Pride and Prejudice, Chapter 3. This describes the reaction to Fitzwilliam Darcy and his friend Charles Bingley at the Meryton ball, attended by the Bennet sisters and their mother. Aside from Darcy’s handsome looks, what makes a big impression on the ballgoers is that he is wealthy and worth ten thousand pounds a year. But very quickly they make up their minds from Darcy’s manner that he is insufferably proud and behaves as if he is superior to those around him. From the start they develop a dislike of and a prejudice against him. He is "unworthy" to be compared to his friend Charles Bingley, they decide. Darcy is believed to be partly based on Irish politician and lawyer Thomas Lefroy, who had a flirtation and spent some time with Jane Austen during a break from studying law. Austen’s lack of wealth is believed to have played a part in the pair not ending up together. After Lefroy died in 1869 one of his nephews wrote to Austen’s nephew James Edward Austen Leigh to say: "My late venerable uncle…said in so many words that he was in love with her, although he qualified his confession by saying it was a boyish love."

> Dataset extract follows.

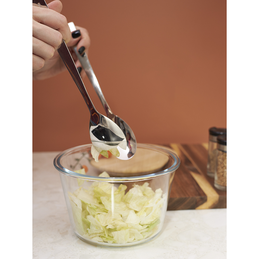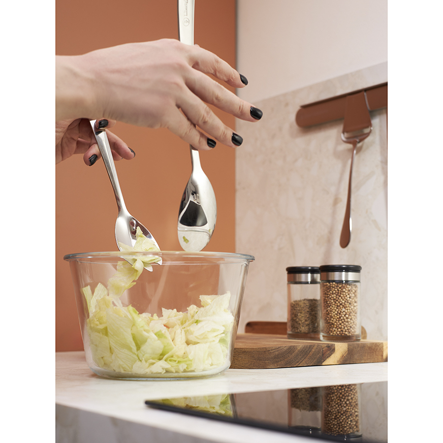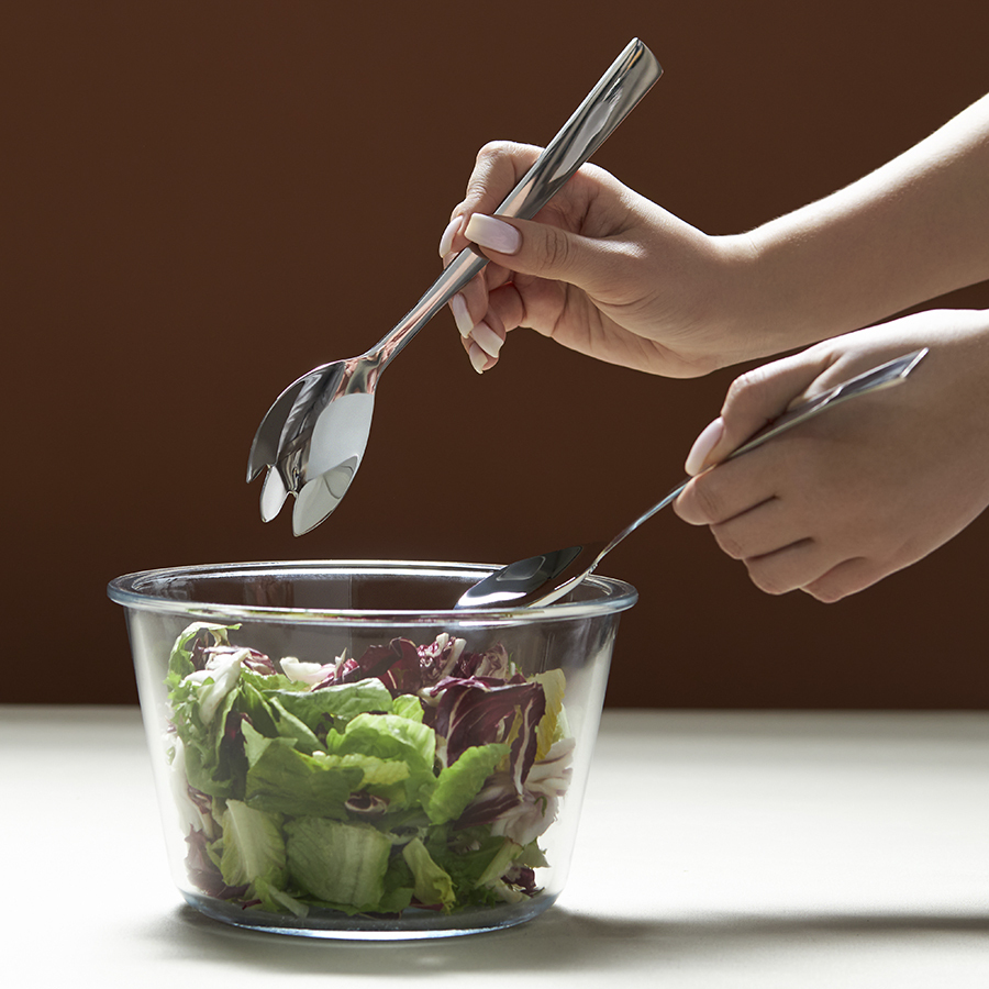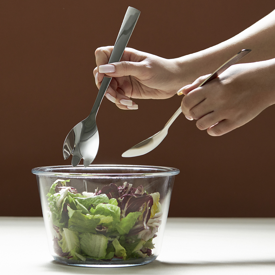 - Одна из ложек оснащена 3 зубчиками, что делает ее идеальным инструментом для аккуратного накладывания салата и захвата деликатных ингредиентов.

Mr. Darcy had at first scarcely allowed her to be pretty; he had looked at her without admiration at the ball; and when they next met, he looked at her only to criticise. But no sooner had he made it clear to himself and his friends that she hardly had a good feature in her face, than he began to find it was rendered uncommonly intelligent by the beautiful expression of her dark eyes. To this discovery succeeded some others equally mortifying. Though he had detected with a critical eye more than one failure of perfect symmetry in her form, he was forced to acknowledge her figure to be light and pleasing; and in spite of his asserting that her manners were not those of the fashionable world, he was caught by their easy playfulness. Of this she was perfectly unaware; to her he was only the man who made himself agreeable nowhere, and who had not thought her handsome enough to dance with.

– Jane Austen

Pride and Prejudice, Chapter 6. Elizabeth may not have been handsome enough for Mr. Darcy to dance with at the Meryton ball, where he found her appearance just "tolerable." But now he sees Elizabeth in a new light as she and Jane spend more time with the residents of Netherfield. Observing Elizabeth close up, Darcy develops an attraction for her, despite having said earlier that she lacked the manners of his class. Now he finds himself drawn to her intelligent expression, her beautiful dark eyes, her pleasing figure and her playful personality. Darcy is mortified by his discovery, because it injures his pride – at the Meryton assembly he was "above his company, and above being pleased." Elizabeth is fully aware of his attentions, but to her he is still the disagreeable man who didn’t think she was attractive enough to dance with.